- _Data below_:
******************************
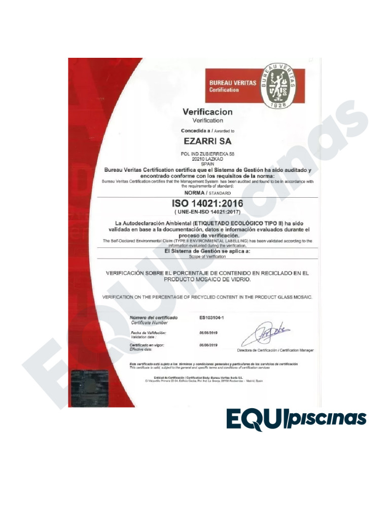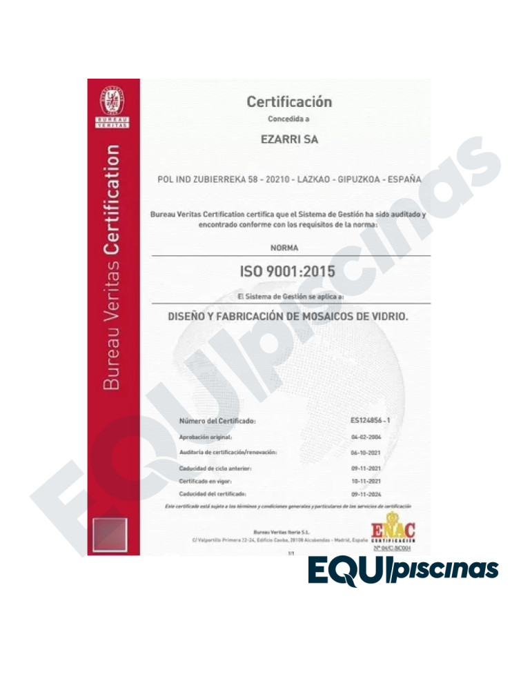 1) MARCA: EZARRI; PRESTIGIOSO FABRICANTE Y REFERENTE MUNDIAL EN MOSAICO DE VIDRIO; PRODUCTO 100% CERTIFICADO Y 100% EUROPEO; EN VENEZUELA DESDE HACE MÁS DE 30 AÑOS CON CALIDAD ABSOLUTAMENTE COMPROBADA
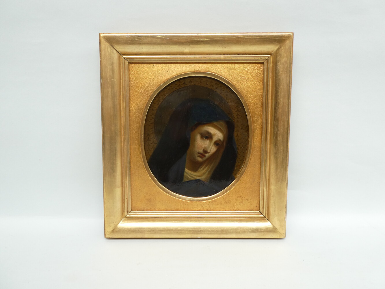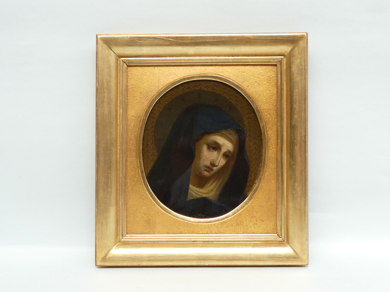 "Bedroefde Maria" antiek schilderijtje, olie op paneel
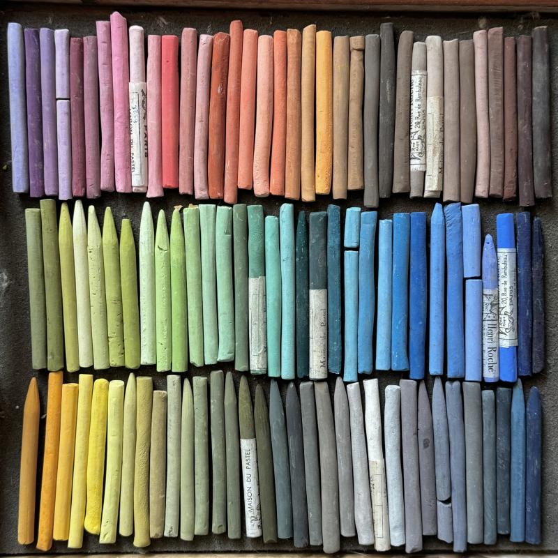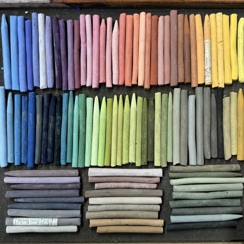 These handmade semi-hard pastels from the late 19th/early 20th century have characteristics similar to Roché soft pastels, but are firmer in texture in order to render finer lines. Very well suited for details. Web exclusive
******************************
- _What to produce_: What you give back should be exactly the lines from the line holding "olie op paneel" through the final line of the material, both ends included, and please leave out the pictures.

- _Answer box_:
 "Bedroefde Maria" antiek schilderijtje, olie op paneel
 These handmade semi-hard pastels from the late 19th/early 20th century have characteristics similar to Roché soft pastels, but are firmer in texture in order to render finer lines. Very well suited for details. Web exclusive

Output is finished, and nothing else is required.